Note that if the VPC is using resources with public IP addresses that are outside of VPC-A’s CIDR block (10.0.0.0/16), then the following query won’t be able to capture traffic going in and out of these public IPs.
**SQL**:
```
SELECT * FROM vpcflowlogscidrdb.vpcflowlogstable
where (dstaddr in (select ip from vpcflowlogscidrdb.cidrtable where CIDR='10.0.0.0/16')
and srcaddr in (select ip from vpcflowlogscidrdb.cidrtable where CIDR='10.0.0.0/16'))
and TO_DATE(day,'yyyy/mm/dd') > CURRENT_DATE- interval '10' day
```
**Result**:
The following result shows that the resource with the IP address 10.0.0.151 is communicating with the Amazon Elastic Compute Cloud (Amazon EC2) instance 10.0.0.175.
**Scenario 5**: The following query provides information about all of the incoming traffic from VPC-B to VPC -A over the period of the last 10 days.
**SQL**:
```
SELECT * FROM vpcflowlogscidrdb.vpcflowlogstable JOIN vpcflowlogscidrdb.cidrtable ON srcaddr=ip
AND CIDR='10.1.0.0/16' and TO_DATE(day,'yyyy/mm/dd') > CURRENT_DATE- interval '10' day
```
**Result**:
The following result shows all of the incoming traffic from VPC-B to VPC-A.
These are some sample queries provided, and you can further modify the queries to filter out, exclude, or include traffic generated from the target CIDR Blocks.

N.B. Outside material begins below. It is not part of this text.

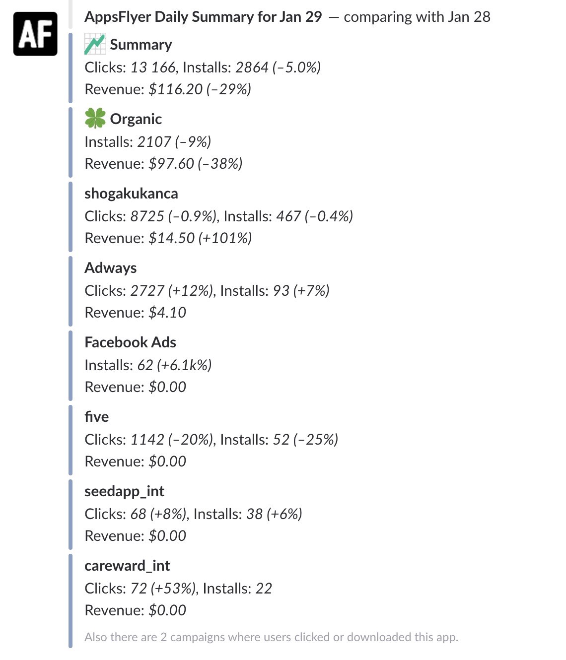 We have good news for mobile marketers who use AppsFlyer. Now you can get reports for all your campaigns including organic traffic and Search Ads right in your Slack. The reports consist of clicks, downloads and sales data.

Furthermore, you can adjust the number of day intervals based on your specific requirements.
## Clean up
#### Step 1: Delete the VPC Flow Logs
If you have created VPC Flow Logs specifically for this solution, then you can delete the VPC Flow Logs by following the instructions provided [here](https://docs.aws.amazon.com/vpc/latest/userguide/working-with-flow-logs.html#delete-flow-log).
### Step 2: Delete the CloudFormation Stack
Delete the CloudFormation stack that you deployed.